→ **GIVEN ENTRIES**
————————

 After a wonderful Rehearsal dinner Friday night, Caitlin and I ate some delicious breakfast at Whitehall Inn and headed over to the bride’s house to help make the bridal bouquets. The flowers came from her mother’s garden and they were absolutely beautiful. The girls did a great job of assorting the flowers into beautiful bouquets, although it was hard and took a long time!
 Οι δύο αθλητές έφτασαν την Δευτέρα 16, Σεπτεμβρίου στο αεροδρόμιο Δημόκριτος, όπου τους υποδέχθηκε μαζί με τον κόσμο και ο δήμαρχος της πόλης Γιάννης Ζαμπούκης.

————————

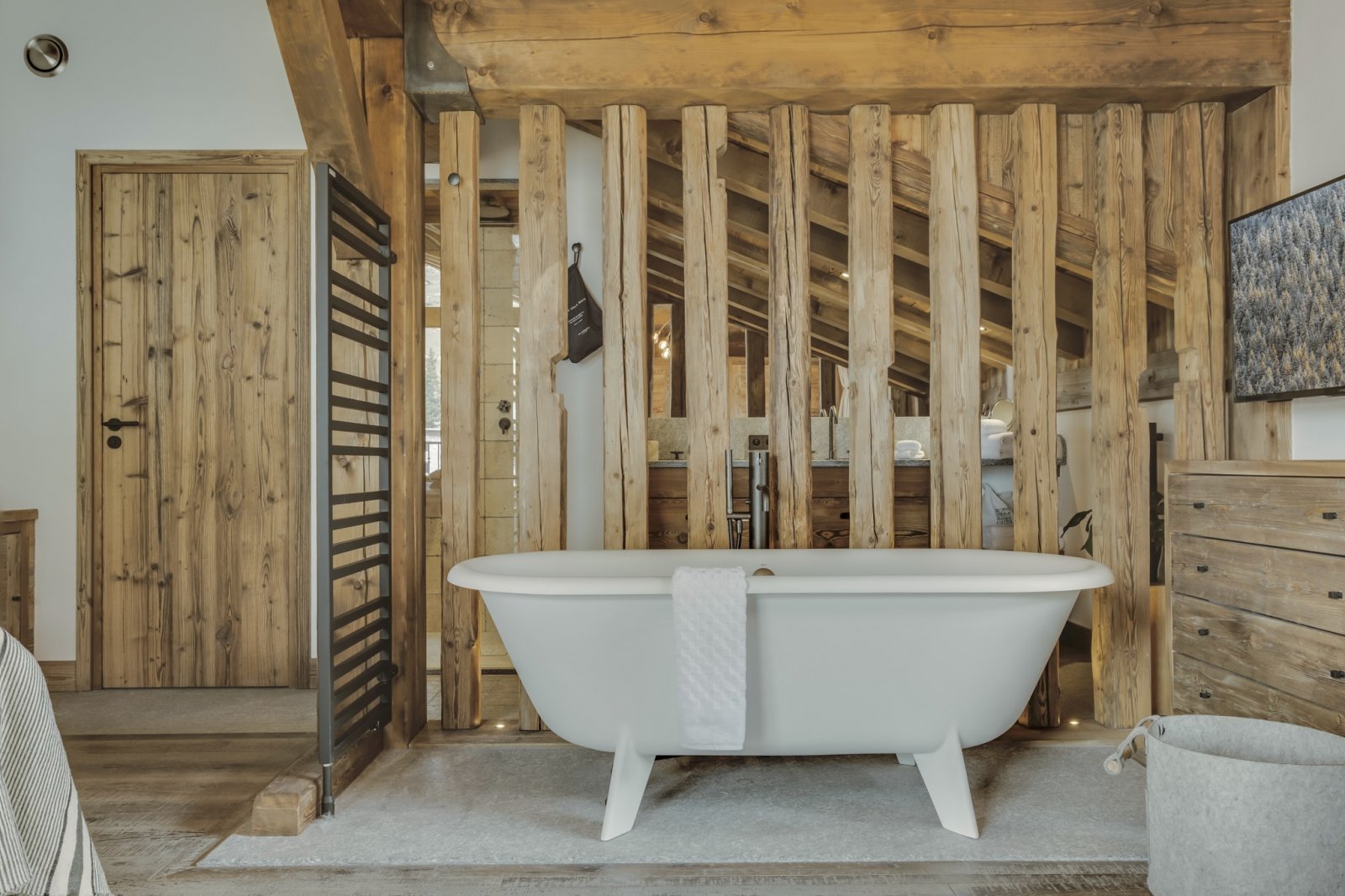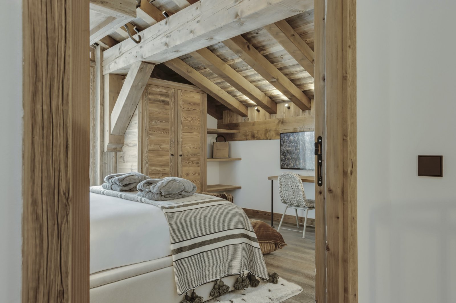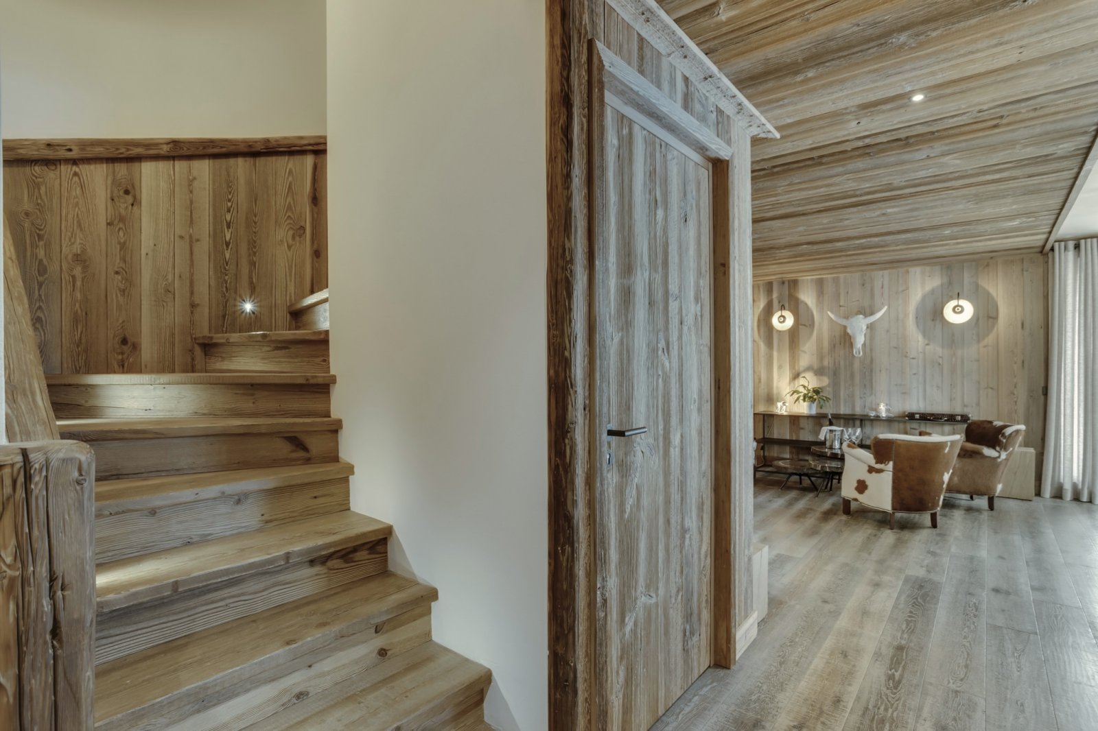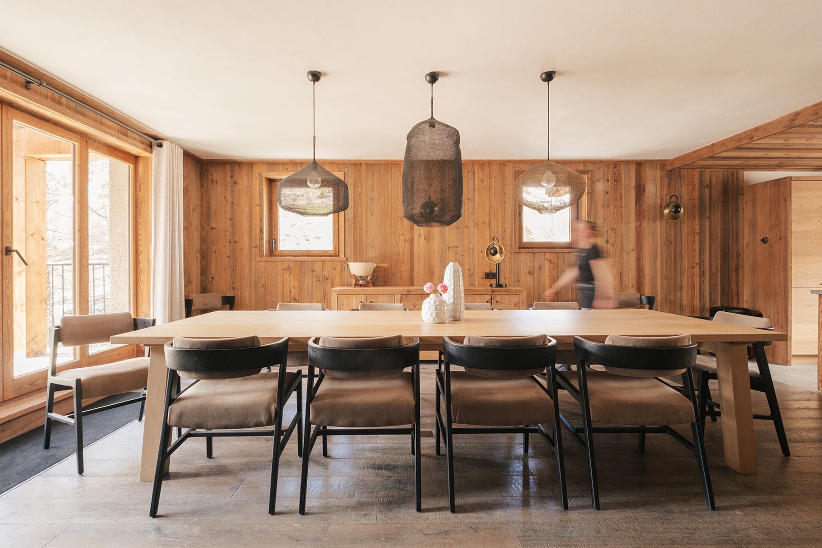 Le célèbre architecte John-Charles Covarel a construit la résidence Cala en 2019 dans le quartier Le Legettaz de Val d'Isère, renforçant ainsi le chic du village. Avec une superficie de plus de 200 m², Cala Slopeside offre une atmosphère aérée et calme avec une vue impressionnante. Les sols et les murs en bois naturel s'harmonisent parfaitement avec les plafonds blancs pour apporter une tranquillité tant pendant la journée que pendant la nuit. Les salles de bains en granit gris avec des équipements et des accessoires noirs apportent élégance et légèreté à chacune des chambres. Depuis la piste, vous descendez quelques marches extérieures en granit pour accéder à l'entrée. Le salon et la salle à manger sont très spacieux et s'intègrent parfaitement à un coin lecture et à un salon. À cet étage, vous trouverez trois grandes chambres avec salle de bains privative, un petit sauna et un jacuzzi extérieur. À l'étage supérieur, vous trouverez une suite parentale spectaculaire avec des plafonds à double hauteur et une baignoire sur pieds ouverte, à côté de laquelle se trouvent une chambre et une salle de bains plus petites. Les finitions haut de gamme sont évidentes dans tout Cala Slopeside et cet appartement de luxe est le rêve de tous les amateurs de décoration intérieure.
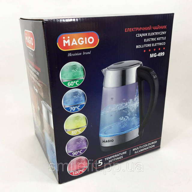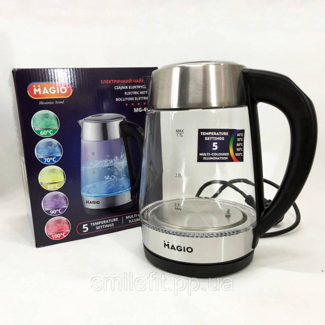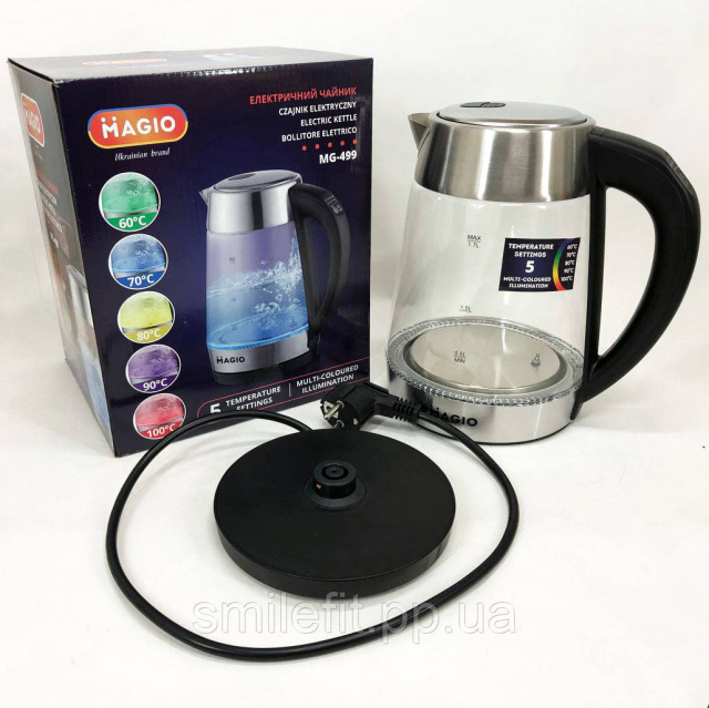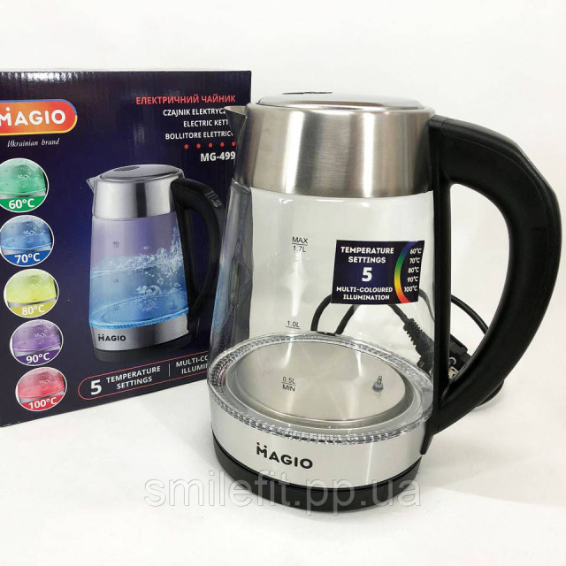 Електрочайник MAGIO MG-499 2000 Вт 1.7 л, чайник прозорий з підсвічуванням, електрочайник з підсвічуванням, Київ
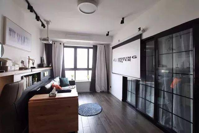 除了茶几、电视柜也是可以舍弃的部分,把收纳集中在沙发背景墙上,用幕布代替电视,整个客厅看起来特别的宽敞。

————————

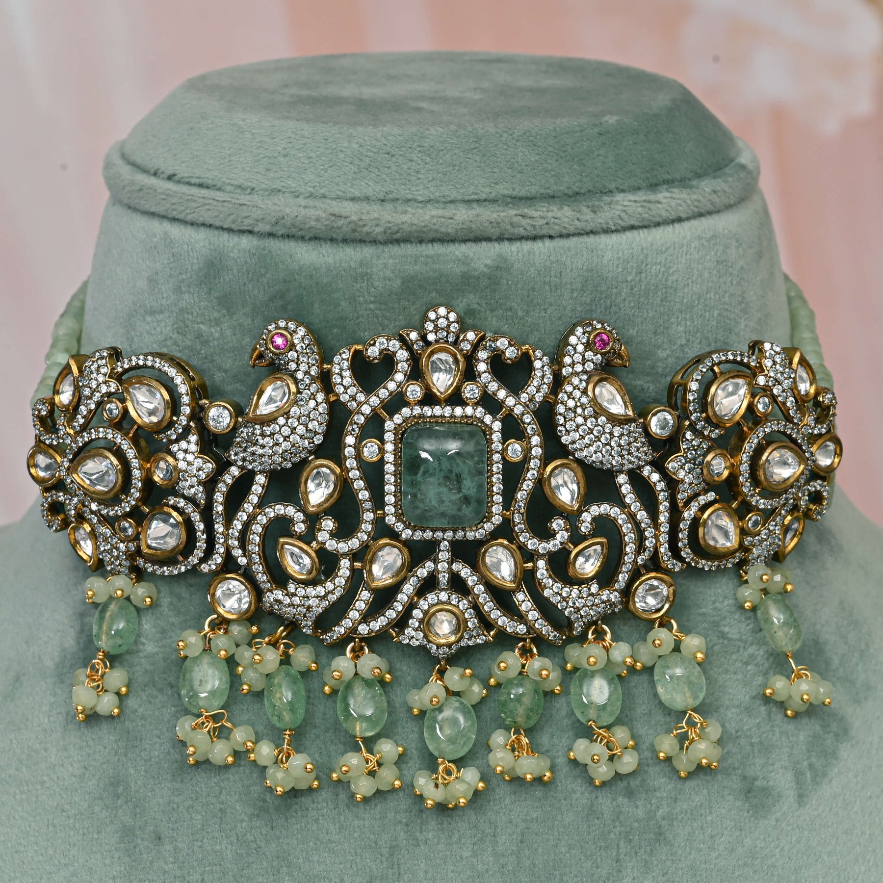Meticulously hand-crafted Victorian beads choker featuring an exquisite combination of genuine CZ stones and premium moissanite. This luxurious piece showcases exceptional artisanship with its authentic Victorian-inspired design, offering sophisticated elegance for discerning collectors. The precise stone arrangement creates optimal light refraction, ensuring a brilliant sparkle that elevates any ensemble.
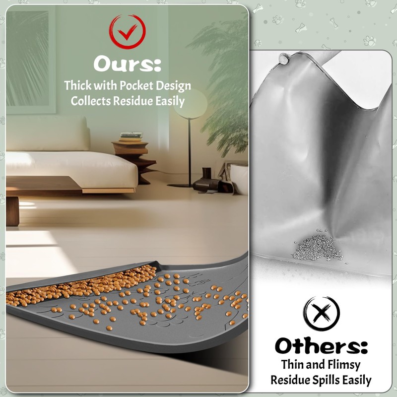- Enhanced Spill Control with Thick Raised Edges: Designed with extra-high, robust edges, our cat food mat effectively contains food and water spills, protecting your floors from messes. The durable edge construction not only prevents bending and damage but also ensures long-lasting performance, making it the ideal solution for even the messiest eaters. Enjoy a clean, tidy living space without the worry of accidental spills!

————————

→ **TASK GOAL**
In the listing above, locate the line containing "After a wonderful" and the line containing "Οι δύο αθλητές". Transcribe those two lines and everything between them, exactly as written.

→ **OUTPUT FOR THIS EXERCISE**
 After a wonderful Rehearsal dinner Friday night, Caitlin and I ate some delicious breakfast at Whitehall Inn and headed over to the bride’s house to help make the bridal bouquets. The flowers came from her mother’s garden and they were absolutely beautiful. The girls did a great job of assorting the flowers into beautiful bouquets, although it was hard and took a long time!
 Οι δύο αθλητές έφτασαν την Δευτέρα 16, Σεπτεμβρίου στο αεροδρόμιο Δημόκριτος, όπου τους υποδέχθηκε μαζί με τον κόσμο και ο δήμαρχος της πόλης Γιάννης Ζαμπούκης.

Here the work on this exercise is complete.